The Circular Economy – The New Idea

According to the U.S. Environmental Protection Agency, a circular economy “keeps materials, products, and services in circulation for as long as possible.” The typical product lifecycle entails fabricating new items from raw materials, sometimes natural resources, but there is little emphasis on sustainability. If there’s a choice between saving money on production or operating with sustainability, most choose the easy route.

A circular economy takes a different perspective. There is a concerted effort to eliminate waste at a fundamental, systemic level. Products manufactured in the current linear economic structure will not be returned to the manufacturer and recycled.

In a circular economic model, they would. The manufacturer can repair, reproduce, or recycle products using re-fabricated parts, creating a return-loop that promotes and operates with less waste – and lower manufacturing costs. The most vital concept is to be as efficient as possible while maintaining sustainability, including (if possible) using renewable energy.

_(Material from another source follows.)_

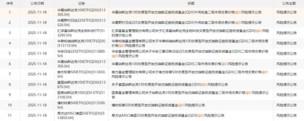 而 11 月开始,A 股面临回调压力,境外 ETF 再受青睐,一个月内机构关于高溢价风险提示的公告就达上百条。

Circular Economy-Recovered and Recycled

A circular economy isn’t a theoretical framework because real-world examples exist. The difference is that the global economy has yet to shift to a new model. Still, businesses continue to demonstrate how to accomplish the feat and push back on climate change.

Supply Chain

Many international companies in consumer facing industries, like automotive or electronics, are implementing closed loop-reverse logistics programs to capture savings in their manufacturing processes. These businesses enabled a “reverse logistics” system in coordination with partners and suppliers. These organizations gather and reassemble disused components and re-sell them via their reverse logistics supply chain. The result is greater efficiency since reassembled parts cost significantly less than new components. Those savings get passed to consumers, and all parties’ benefit. These industries have renovated hundreds of thousands of parts and components that meet similar specifications as new components.

Wood Pallets

Companies in the wood pallet industry have adopted similar systems, where new products are recycled and re-manufactured from existing pallets. Circular economics in this sector have spawned businesses that recover wood in the form of used pallets and other wood waste and re-purpose it as viable products all the way through the end and beyond of its own product lifecycle. The recycled pallets have the same functionality despite being reused in the supply chain more than once. If waste byproducts occur, those byproducts get used in other ways, such as using leftover wood for compost, or even wood pellets. This way, every ounce of recycled wood has a purpose and reduces the number of trees required to meet demand.

Why is It Important?

Reduce, Reuse, and Recycle seem aimed at a personal level of responsibility to start and that is great. However, a circular economy model offers a different path forward. It allows businesses and consumers to participate in a healthy economic system that protects the environment and fights climate change. The assumption that circular economics introduces unnecessary costs is inaccurate because real-world examples prove it’s possible. The next step is the widespread deployment of circular economic principles, and that’s where the global economy stands today. There’s a clear choice between conducting business as usual or moving on to a sustainable system.

Circular Design – How Reduce, Reuse, and Recycle Can Be Part of Product Design

The principles of circular design are integral to the concept of a circular economy, a new economic model that values sustainability and efficiency. Many products don’t return to the manufacturer in today’s linear economy, nor would they arrive in a recyclable condition. Sustainability wasn’t a priority when mass consumption became the norm, and many products were never designed for systematic reuse. The economic system today follows the “make, take, discard” product lifecycle, but circular design provides an opening for a sustainable economy.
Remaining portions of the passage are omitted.